Correlation of pleural effusions’ grayscale sonographic parameters with fluid’s analysis results
Original Article

Correlation of pleural effusions’ grayscale sonographic parameters with fluid’s analysis results

Alexandros Kalkanis, Charalampos Varsamas, Konstantinos Gourgoulianis

Department of Respiratory Medicine, University of Thessaly, Larissa, Greece

Contributions: (I) Conception and design: All authors; (II) Administrative support: None; (III) Provision of study materials or patients: None; (IV) Collection and assembly of data: All authors; (V) Data analysis and interpretation: None; (VI) Manuscript writing: All authors; (VII) Final approval of manuscript: All authors.

Correspondence to: Alexandros Kalkanis, MD. Department of Respiratory Medicine, Faculty of Medicine, University of Thessaly, Larissa 41110, Greece. Email: md.kalkanis@gmail.com.

Background: Quantitative sonographic methods are used to assess pleural fluid’s volume but no validated method exists for the measurement of the fluids’ density and other qualitative values. We suggest a quantitative method, based on the pixel density of the pleural effusion’s image, in order to evaluate the echogenicity of pleural effusion.
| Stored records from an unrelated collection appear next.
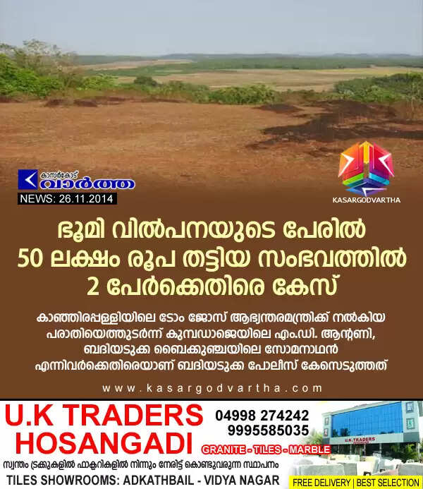 ഭൂമി വില്പനയുടെ പേരില് 50 ലക്ഷം രൂപ തട്ടിയ സംഭവത്തില് 2 പേര്ക്കെതിരെ കേസ്
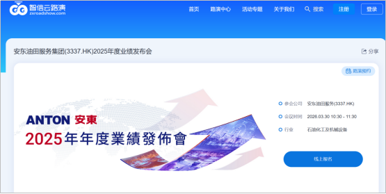 安东油田服务$安东油田服务(HK|03337)$宣布将于2026年3月30日(星期一)10:30-11:30,投资者通过“智信云路演”平台网络直播举行2025年度业绩发布会,欢迎进入通过“智信云路演”官网或“智信云路演”小程序观看网络直播。 届时,管理层将详细介绍公司业务进展、财务状况,及未来的战略规划,同时就投资者普遍关心的问题进行交流。 公司亮点: 1、业绩持续增长:2021-2024年度,集...
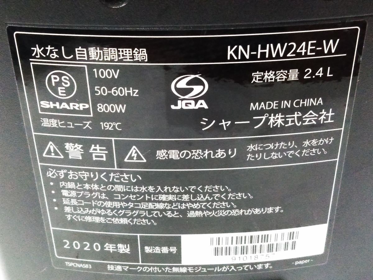 □動作品 シャープ SHARP 水なし自動調理鍋 HEALSIO ヘルシオ ホットクック 無線LAN対応 2.4L KN-HW24E-W 2020年製 1021-12 @140□
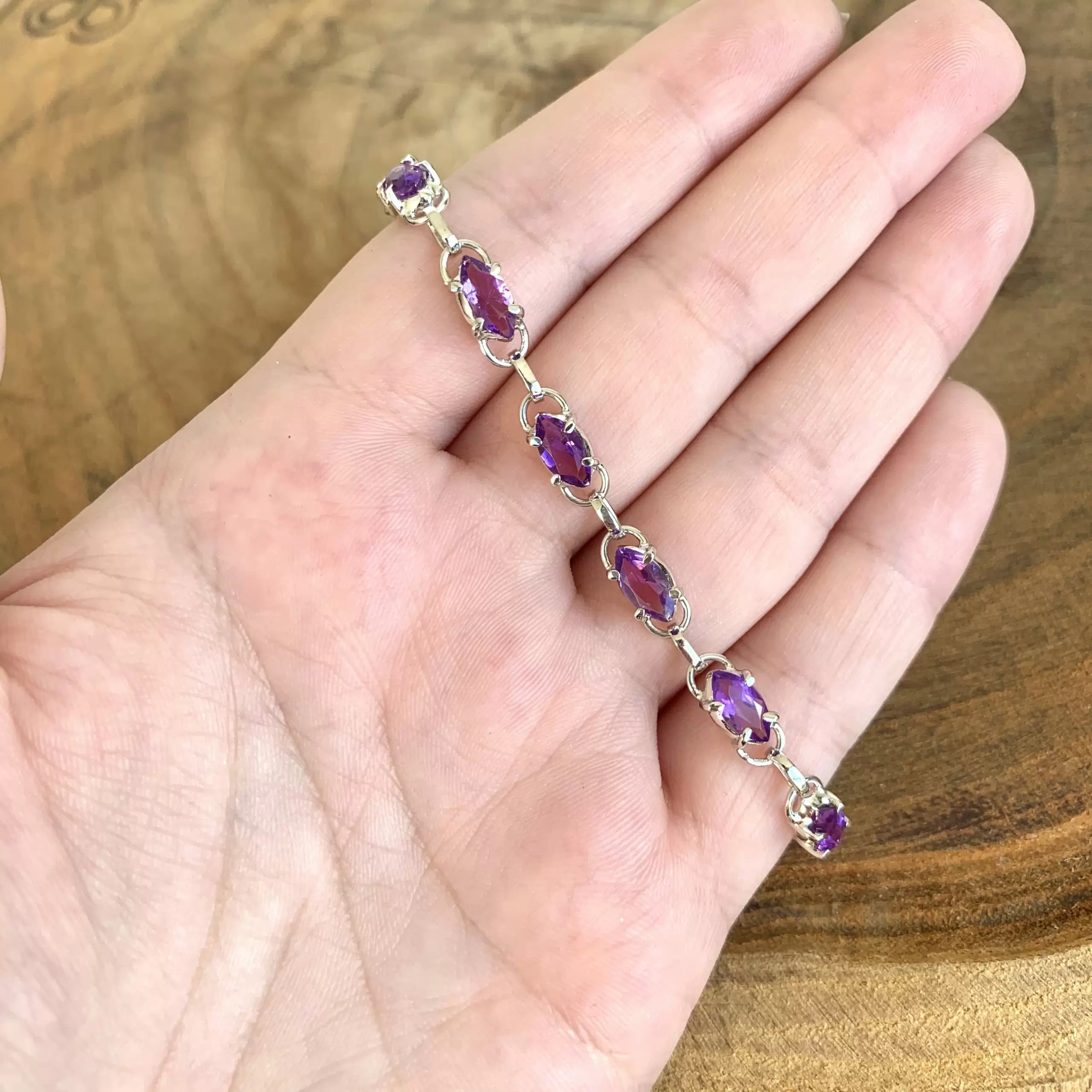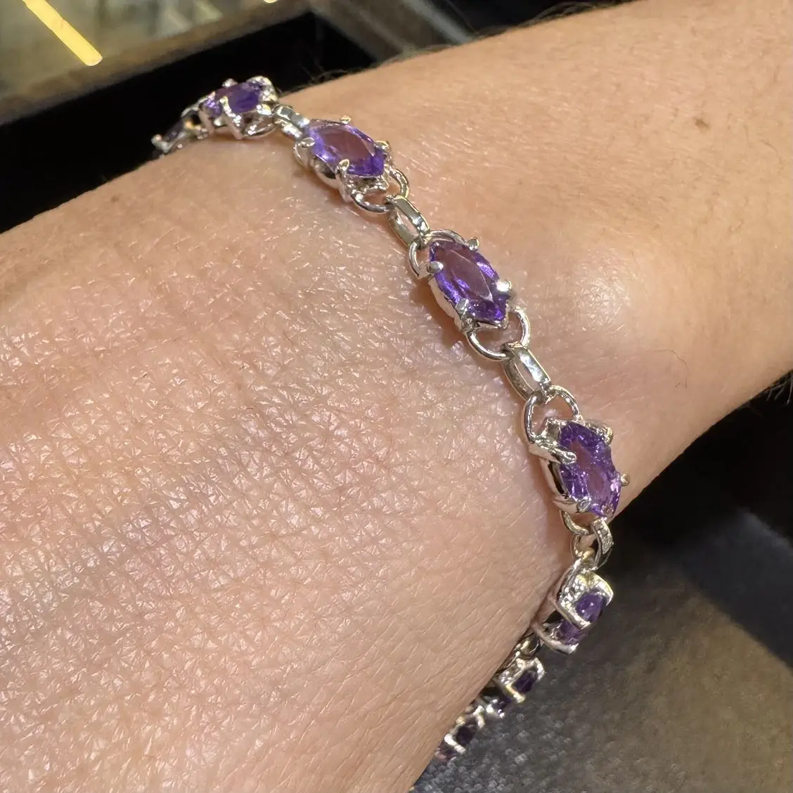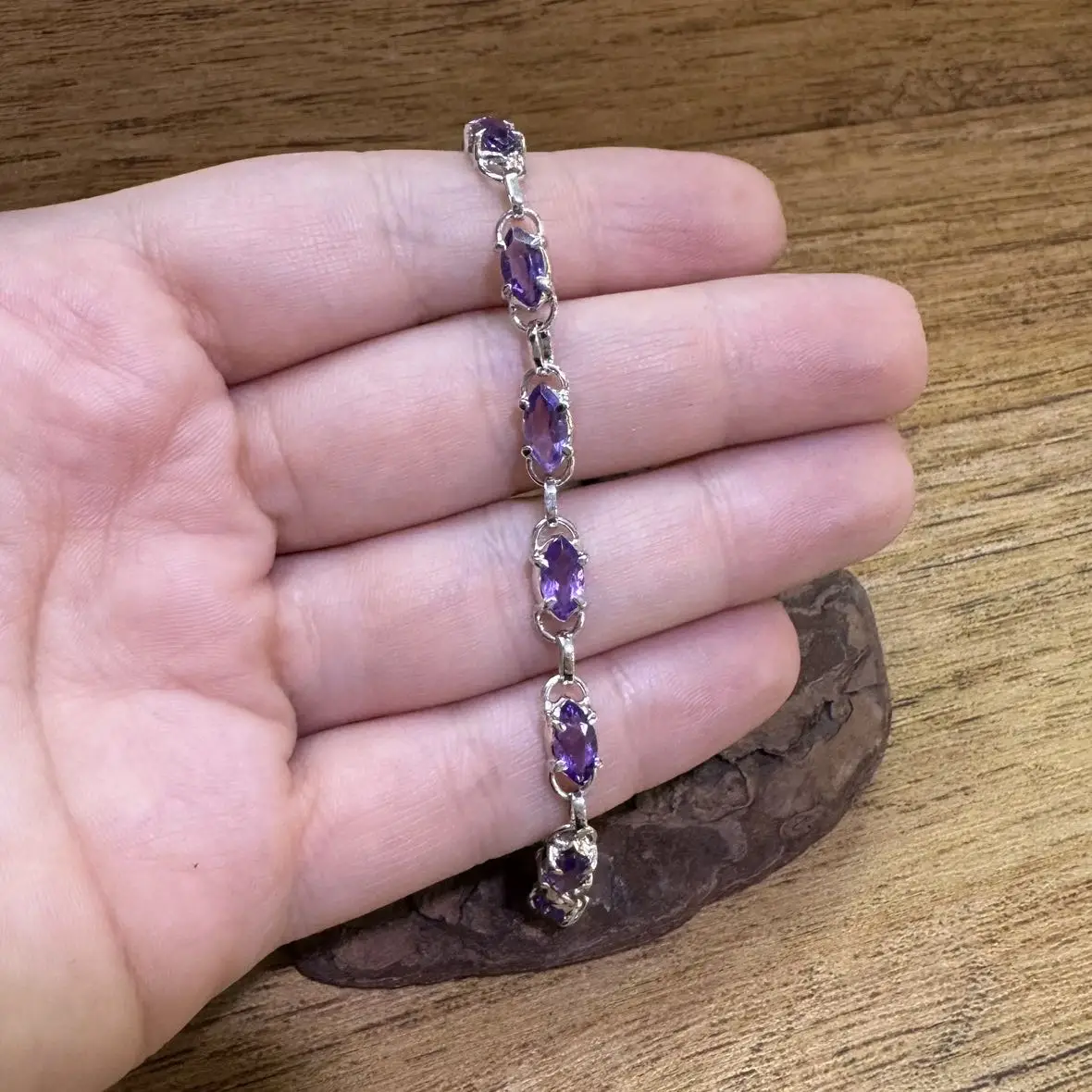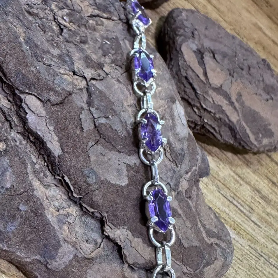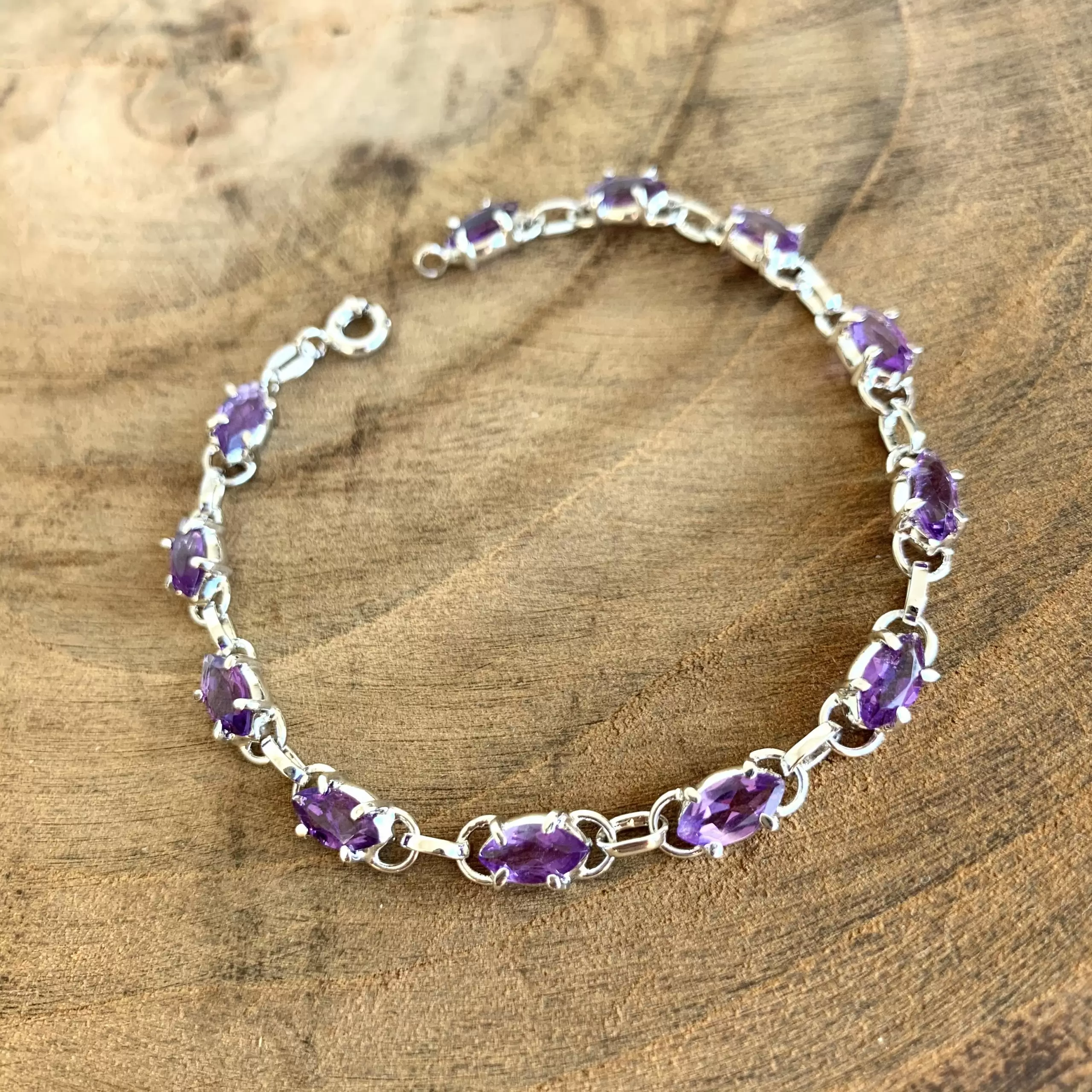Pulseira com Ametistas Naturais em Prata 925 e Ródio.

Methods: Pleural ultrasound (US) was performed in 62 patients with pleural effusion. Five consequent images of the pleural effusion were retrieved through axial view between the 9th and the 10th rib and one from the 10th rib through coronal view and converted into the high-resolution tagged image file format. The mean echo levels of all pixels of the pleural effusion and of the 10th rib were counted, and the hypoechogenicity index (HI) was calculated according to the following formula: HI = mean echo level of all pixels of the rib/mean echo levels of all pixels of pleural effusion. HI greater than 1 indicates pleural effusion’s hypoechogenicity. Diagnostic thoracocentesis was performed and biochemical markers were measured.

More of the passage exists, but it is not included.